How do the lines read from the one holding "700!!!!!!!! I was" through the last line of the listing? Set them down exactly, pictures omitted.

**DATASET SECTION:**
....
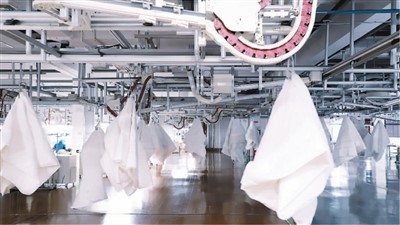 图为罗莱集团家纺芯类产品自动化制作车间。 |
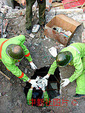 圖為搜尋人員進入塌樓找回貴重物品。中新社圖片 作者:潘勁松
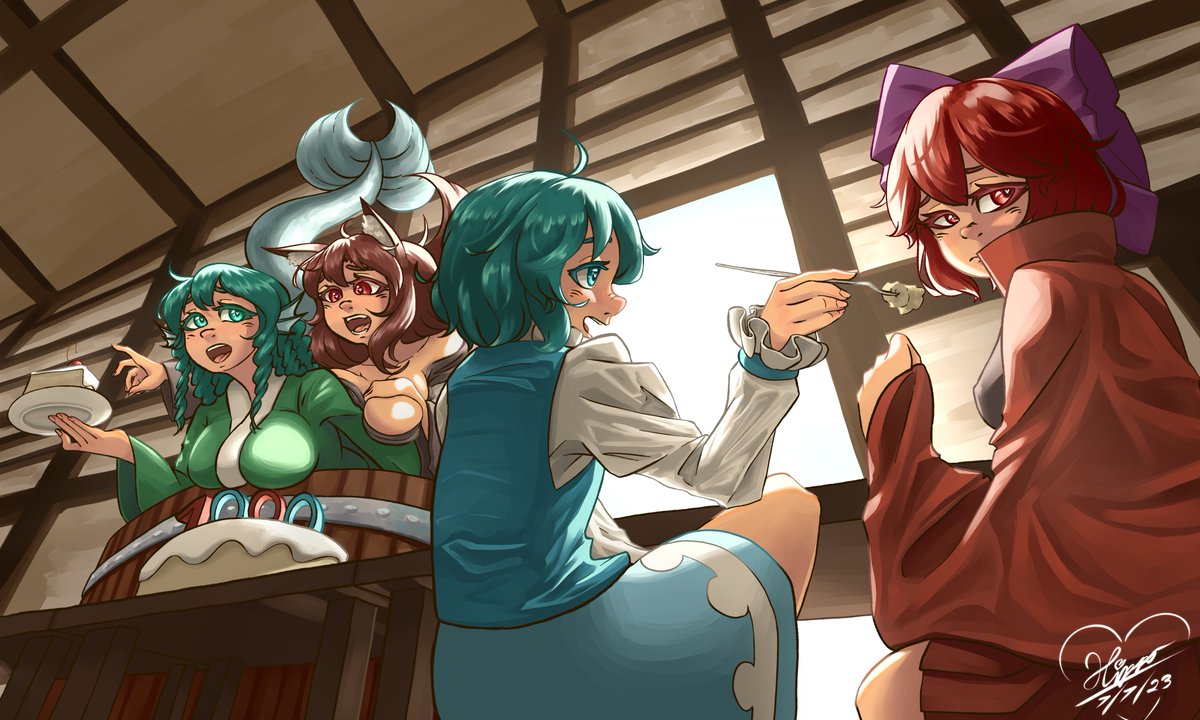 700!!!!!!!! I was a little late but thank you all!!! they enjoyed their cake together... #touhou #東方 #東方Project #touhouproject #illustration
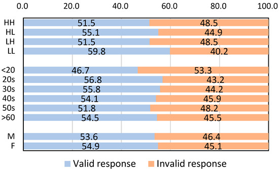 Percentage of valid and invalid samples in each socio-demographic group. HH, HL, LH, LL: Surveyed region shown in Table 1, < 20 to > 60: Age, M: Male, and F: Female. Valid response: CI ≤ 0.15, Invalid response: CI > 0.15.
....
**SOLUTION FOR THIS EXERCISE:**
 700!!!!!!!! I was a little late but thank you all!!! they enjoyed their cake together... #touhou #東方 #東方Project #touhouproject #illustration
 Percentage of valid and invalid samples in each socio-demographic group. HH, HL, LH, LL: Surveyed region shown in Table 1, < 20 to > 60: Age, M: Male, and F: Female. Valid response: CI ≤ 0.15, Invalid response: CI > 0.15.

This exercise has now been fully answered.